I bought the original Raspberry Pi model B (512 MB memory with 26-pin connector) many many years ago. I have just loaded up the latest Raspberry Pi OS and found that it is way too slow. I mean when I click on the console button, it takes about 30 seconds to show up. The web browser button takes about a minute to show up.

I am looking for a Lightweight OS for the sole purpose of learning how to code in Python and interact with the hardware (GPIO, serial interface, etc.). I think an window based IDE would be better for learning Python compare to just a command line.

What's the recommended OS for this? Thanks, James

  • It has been awhile since I have used the older pi's, but from my memory, even the most trimmed down OS was pretty rough to work with. I personally disagree with you about the GUI being a better environment to work in. However, even if you really want to work in a full IDE, you can do this on "fully sized" computer, and then just execute the code on the pi.
    – Chad G
    Apr 11, 2022 at 23:10
  • A lightweight OS won't make a jot of difference. Buy a RPi4 it's going to be at least ten times faster than an old RPi1B.
    – Dougie
    Apr 12, 2022 at 1:16

3 Answers 3


I don't have a working 1B anymore, and I've always used Pis mostly headless, but when I did use a GUI on the original Pi I would use FVWM with no DM. I'd boot to "multi-user" (ie., a text console), then login and startx.

The full GUI stack (really, just X + FVWM) took about 150 MB of RAM, leaving enough room for apps.

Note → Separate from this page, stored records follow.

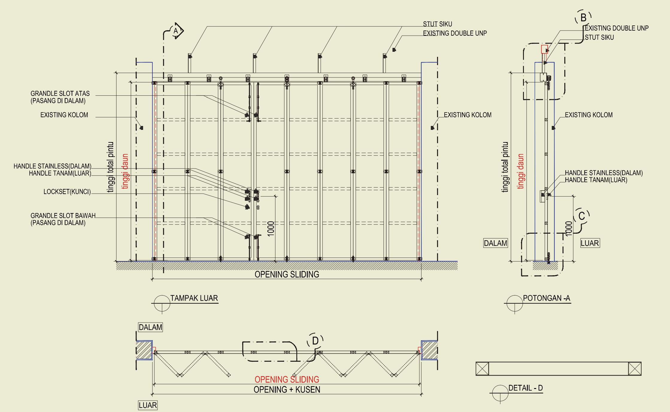 Pintu geser atau lipat dengan opening besar yang dikhususkan untuk area industrial seperti pabrik, pergudangan, garasi, dll. Mempunyai alternatif single skin ( single plate ) & double skin ( double plate ) yang dapat disesuaikan dengan kebutuhan anda.
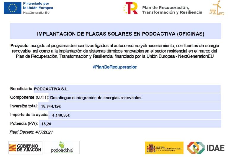 Podoactiva, ha recibido las ayudas (con el apoyo obtenido de Fondos Next Generation y el Plan de Recuperación, Transformación y Resiliencia) promovidas por IDAE (Instituto para la Diversificación y Ahorro de la Energía) para el impulso de actuaciones y proyectos de eficiencia energética y energías renovables.
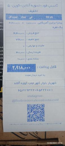 کافه رستوران بین المللی برلین همه روزه از ساعت 11 ظهر تا 1 بامداد آماده پذیرایی از همشهریان و میهمانان گرامی می باشد در ضمن با تماس تلفنی میتوانید خیلی فوری سفارشتان را درب واحد محل سکونت خود تحویل بگیرید
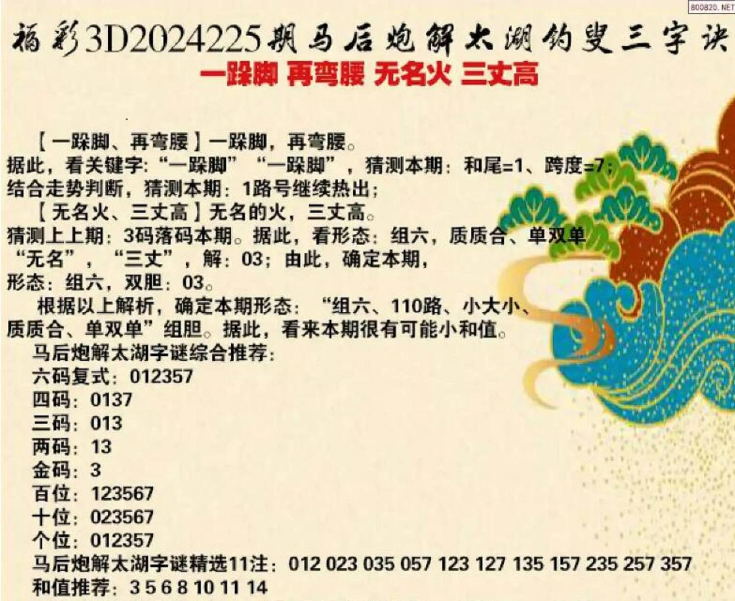 独胆5.个位5双飞,25.56.45.05.3525胆拖0346单组选,205 235 245 265资料越多越乱,相信自己,谨慎投资
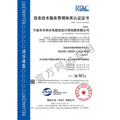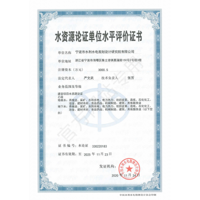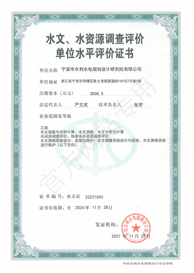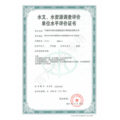 寧波院具有水利水電工程設計、工程勘察、工程咨詢、水土保持、水資源論證等多項資質(zhì)。承擔中小河流域規(guī)劃、水庫、河道整治、灘涂圍墾等工程的勘察、設計、咨詢、總承包業(yè)務,以及各領域建設項目的防洪評價、水資源論證、水土保持方案編制、水土保持監(jiān)測、計算機行業(yè)CMMI 3級認證、知識產(chǎn)權(quán)管理體系認證等。
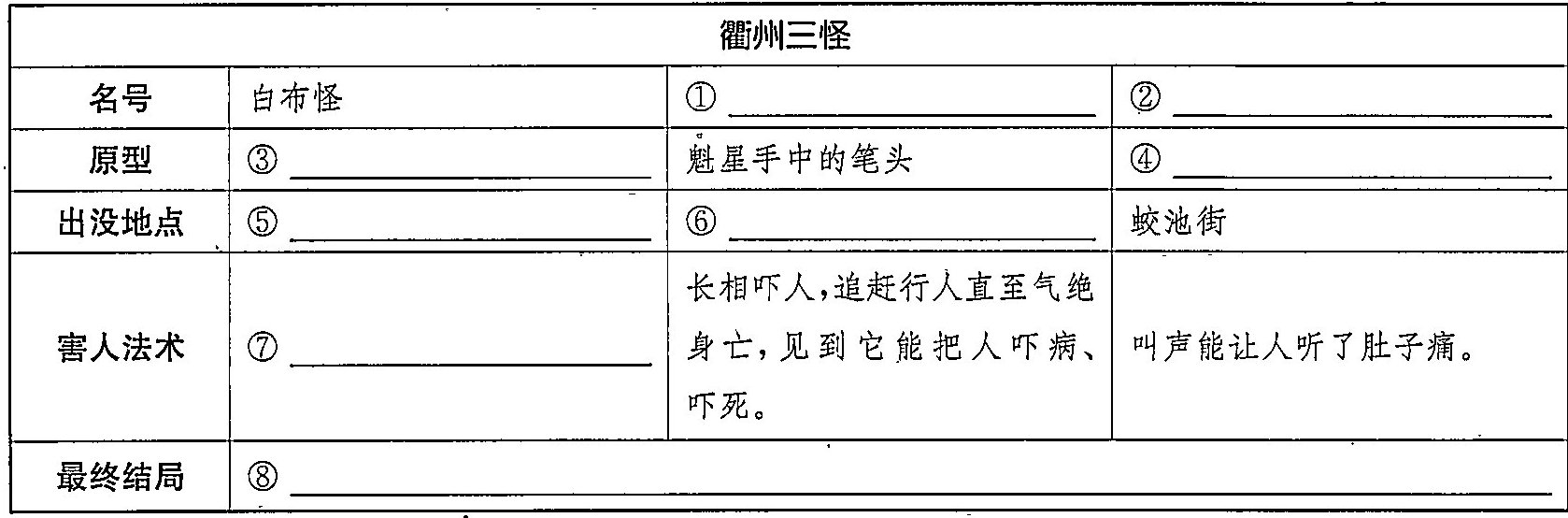 4.“衢州三怪”是具有衢州地方特色的民间传说故事。请你根据以上材料,提取关键信息完成对“衢州三怪”的信息梳理。(4分)
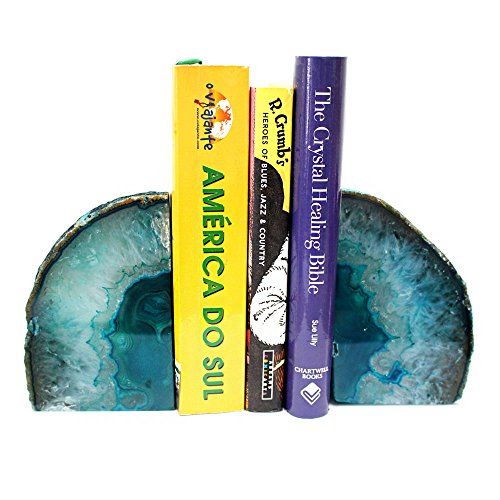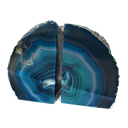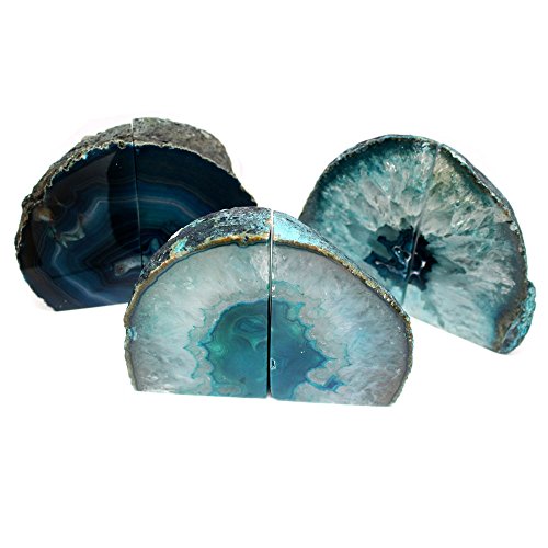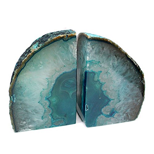 Teal Agate Bookend Pair - 3 to 6 lb - Geode Bookend with Rock Paradise Exclusive COA
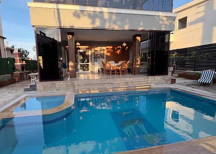 Oferind o terasă cu vedere spre piscină, Villa Didim cu 3 dormitoare este situat la 6 minute de mers pe jos de Altinkum. Dacă se cazează la această vilă cu 3 băi, situată la 2.2 km de I Love Didim, oaspeții pot beneficia de o un jacuzzi și o cadă cu hidromasaj, precum și de o piscină privată.
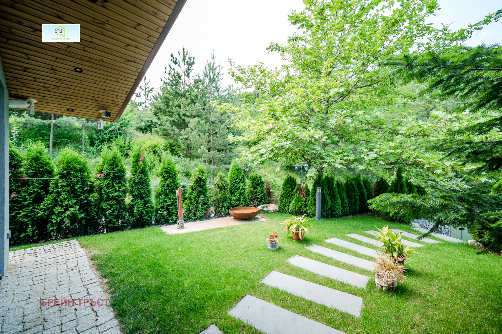 озеленен двор, оборудван с напоителна система;
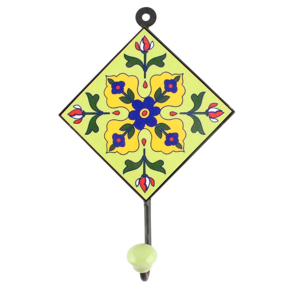 Pea Green Leaf Flower Ceramic Tile Wall Hook. When Put on Wall or Cabinet It is An Art in Itself. The Metal Part of this Hook is Black Powder Coated.

Mind you, I did not use it for serious programming or web browsing, and TBH I think the default LXDE was not much heavier.1 I do not think the 512 MB versions have enough memory to do the latter comfortably, especially if you are running some kind of IDE as well.

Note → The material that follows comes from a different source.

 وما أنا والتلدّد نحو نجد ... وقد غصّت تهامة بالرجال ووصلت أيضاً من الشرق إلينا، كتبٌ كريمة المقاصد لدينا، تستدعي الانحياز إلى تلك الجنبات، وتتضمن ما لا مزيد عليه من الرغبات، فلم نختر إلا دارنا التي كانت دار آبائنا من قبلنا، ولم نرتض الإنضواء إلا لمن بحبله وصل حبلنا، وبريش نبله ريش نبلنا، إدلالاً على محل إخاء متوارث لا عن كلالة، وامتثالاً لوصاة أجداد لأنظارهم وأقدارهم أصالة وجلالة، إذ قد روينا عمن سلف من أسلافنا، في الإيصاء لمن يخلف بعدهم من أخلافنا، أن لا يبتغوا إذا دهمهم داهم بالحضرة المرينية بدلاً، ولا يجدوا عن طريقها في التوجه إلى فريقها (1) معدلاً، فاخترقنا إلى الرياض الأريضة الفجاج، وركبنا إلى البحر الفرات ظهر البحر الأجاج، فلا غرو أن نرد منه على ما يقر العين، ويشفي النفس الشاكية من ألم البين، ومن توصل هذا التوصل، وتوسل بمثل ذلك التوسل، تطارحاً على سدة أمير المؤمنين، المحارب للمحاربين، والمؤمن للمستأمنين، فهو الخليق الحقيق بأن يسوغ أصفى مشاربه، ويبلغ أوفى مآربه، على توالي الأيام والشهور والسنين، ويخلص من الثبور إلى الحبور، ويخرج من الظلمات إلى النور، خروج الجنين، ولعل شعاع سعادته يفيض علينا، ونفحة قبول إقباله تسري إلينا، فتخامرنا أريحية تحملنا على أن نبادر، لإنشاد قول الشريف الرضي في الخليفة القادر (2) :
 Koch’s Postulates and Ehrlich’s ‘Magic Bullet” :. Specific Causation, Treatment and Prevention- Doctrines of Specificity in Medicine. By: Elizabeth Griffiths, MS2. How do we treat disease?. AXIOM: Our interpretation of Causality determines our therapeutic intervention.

I don't recommend FVWM specifically as making it really useable requires a lot of familiarity, but the general point is you can use Raspbian, either starting with the light version and installing the GUI stuff, or the full version, install an alternate window manager and just change the configuration. More about that approach, with some details of how the linux desktop stack is structured, here:


I don't know what the current state of lightweight, potentially stand-alone window managers is today, but if you research this in relation to "linux" and not "raspberry pi" you will find more and better information. Anything along these lines that can run on a normal linux box can be installed in Raspbian (or any other distro), memory and performance permitting of course.

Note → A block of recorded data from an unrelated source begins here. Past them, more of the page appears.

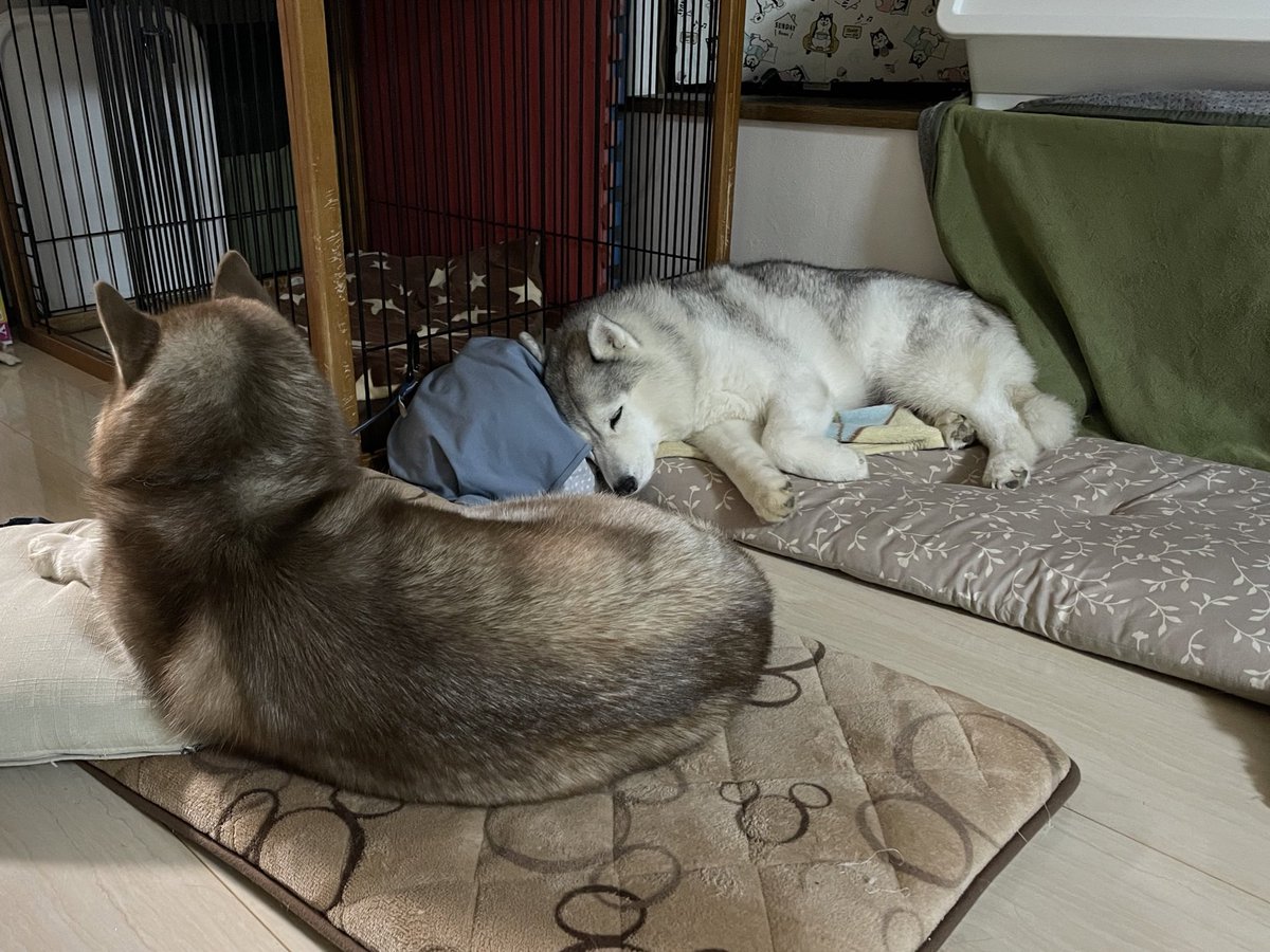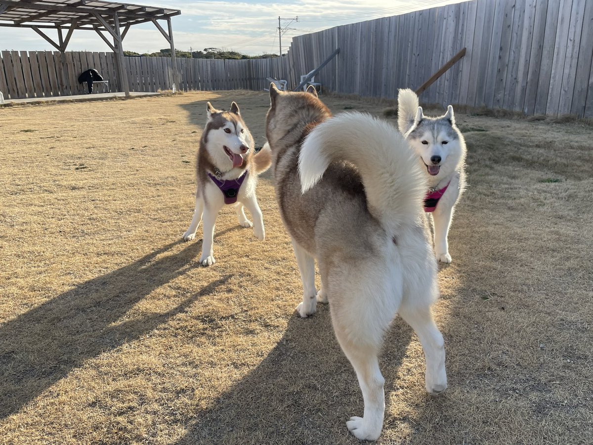 今日はシャンテの兄弟のサンちゃん(@panpapapan13 )とご近所さんのジヨンくん(@soryong_husky )と遊びました!おっきくて可愛かった!大きいけどなつっこいバブちゃんでとても可愛い〜!!
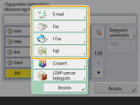 Válassza a <Fax>, <E-mail>, <I-Fax>, vagy <Fájl> lehetőséget a bejegyezni kívánt rendeltetési hely típusaként. Rendeltetési helyek felvétele a címjegyzékbe
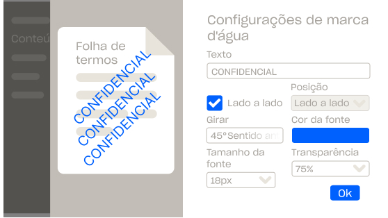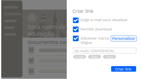 Aprimore a eficácia da sua marca d'água digital exibindo automaticamente as informações do visualizador. Configure sua marca d'água para refletir o e-mail, endereço IP, data e hora do visualizador para proteger ainda mais as informações compartilhadas.
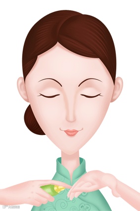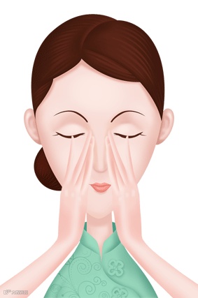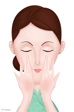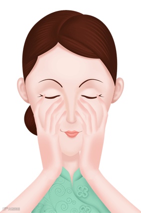 2、由下巴到耳侧,由鼻翼到耳中,颧骨到太阳穴,由额心往两侧横擦,再顺着鼻梁从上往下轻拭,鼻梁两侧和上唇处,来回轻试,从下巴往两颊提拉。
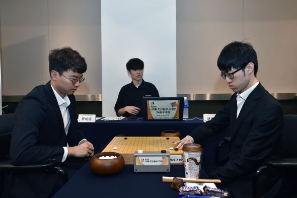 한국의 첫 승전고는 맏형 안성준 9단이 울렸다. 안성준 9단은 일본 쉬자위안 9단을 만나 치열한 중반 전투 끝에 222수 만에 백 불계승을 거뒀다. 안성준 9단은 LG배 두 번째 출전 만에 16강을 밟게 됐다.

  1. I also tried XFCE a bit, which was okay; I preferred my customized FVWM better anyway. Note that the current default Raspbian desktop is a spin off of LXDE.

For your RPi, I would opine that the recommended OS is one without all of the overhead of a window-ed GUI :)

I still use a Model B Plus Rev 1.2 - ~ 2 years newer than yours. This Model B Plus runs the Lite (no graphics) version of buster. It's certainly not fast, but it's very adequate for my usage. I've even re-compiled a fairly substantial package on it recently :)

Unless I'm mistaken, until just recently The Organization offered a good selection of images for other distributions on their website. I seem to recall Ubuntu being one of them. Perhaps they're still available... somewhere? The challenge is that ARM distributions are harder to find, and I suspect less uniform that the Intel-based code. Others here may be more aware of the availability.

But once again, the Model B with its hardware limitations is going to struggle with any GUI-based distro.


All Pi models, prior to Pi2 used the same SOC so performance should be similar.

I still use a Pi B+ (running Stretch) which is has been running for several years. It is notably sluggish when starting up, but works perfectly well running most tasks, including python.

The OS will have little impact on speed, although the processes you run will.

You can run any Raspberry Pi OS release (although I would recommend against Bullseye which is still incomplete (IMO).

The Legacy OS (Buster) works well on all models, even older versions.

If you want to "learn how to code in Python and interact with the hardware (GPIO, serial interface, etc.)" you DON'T want an IDE, although Thonny is recommended. I do ALL my coding on the command line (unless specifically writing GUI code) - usually over ssh. An IDE just gets in the way if you are just starting.

I recommend you start with gpiozero which has excellent tutorials and examples.

A good editor is the main requirement for easy coding.